1. Electrons have momentum:
Think of inductance as length (L).
Say a short wire and a long wire both carry 1A; Both have the same current (I), BUT the longer wire contains more electrons in motion.
It therefore has more electrical momentum. (Compare this with pipes carrying water.)
Electrical momentum is termed "magnetic flux" and is given the Greek symbol phi.

Since longer wires contain more electrons, the total momentum (phi) increases with length.
But a greater current also means more electrons, so momentum (phi) also increases with current.
Taken together, momentum (flux, phi) is proportional to L, and also to I.
So phi = LI. (The units are chosen such that the proportionality constant is 1.)


2. Momentum accumulates over time:
Now, to get a current flowing at all, we need to apply an electromotive force. This is the voltage (V).
Increasing this applied force/voltage will increase the momentum, but so will applying it for a longer period of time (t) because momentum accumulates.

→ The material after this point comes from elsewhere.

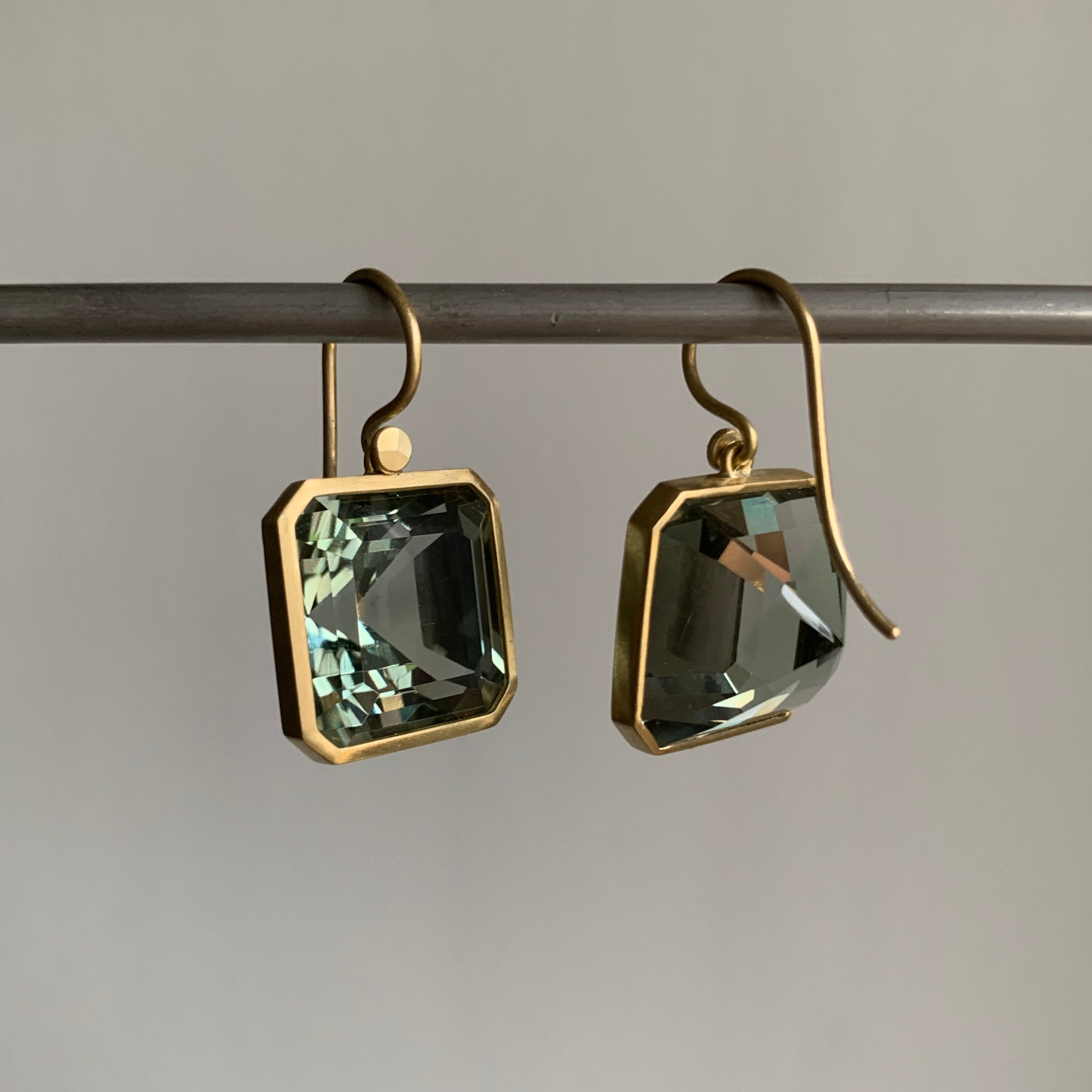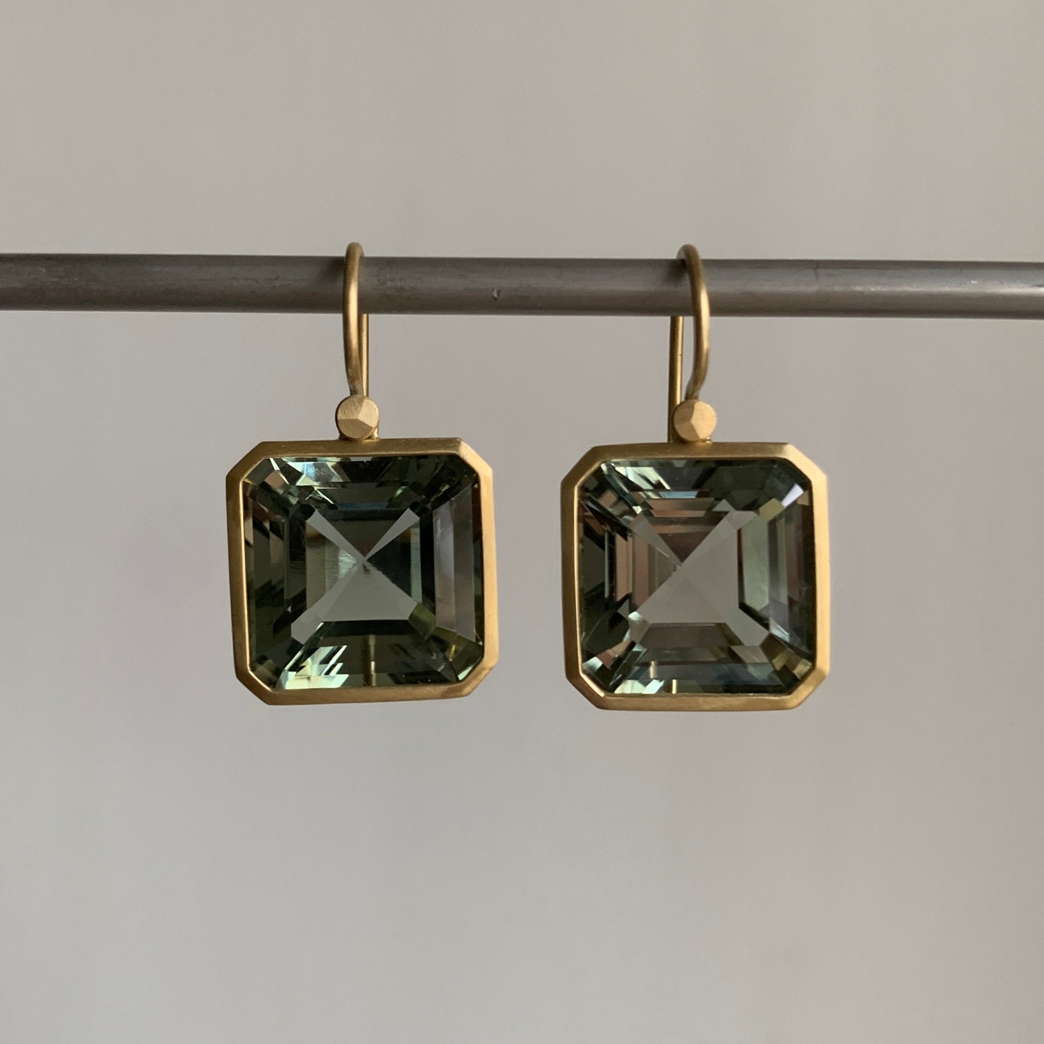 Dynamically faceted prasiolites create a phantasm of color in this elegant pair.

Therefore we can also deduce that phi is proportional to V, and also to t.
So phi = Vt = LI
This is the textbook inductor equation, and is analogous to classical momentum:
Momentum = Ft = dm/t (since F=ma and a=d/t^2. Think of "mass per second" as the current.)


Inductors (as a component) are essentially a very long wire wound into a coil to make them more compact. (The coiling also increases the effective length due to magnetic effects, but that gets a lot more complex to explain.) Inductors allow you to build up momentum in the circuit, thereby storing the electrical equivalent of kinetic energy. If you suddenly break a circuit with lots of momentum in it, all that energy has to go somewhere. It'll either be converted into potential energy (i.e., a voltage), which is how a SMPS works*, or you can safely dissipate the energy as heat by adding a diode. That allows current to circulate back through the inductor until all the stored energy is used up.

* If you break the circuit on the high voltage side of an inductor, all the electrons flow away from the break resulting in a negative voltage spike. Break the circuit on the low side, and all the electrons pile up and cause a high voltage spike. How large these voltages get depends on many things, including the length of the coil. At it's simplest, that's its inductance (L).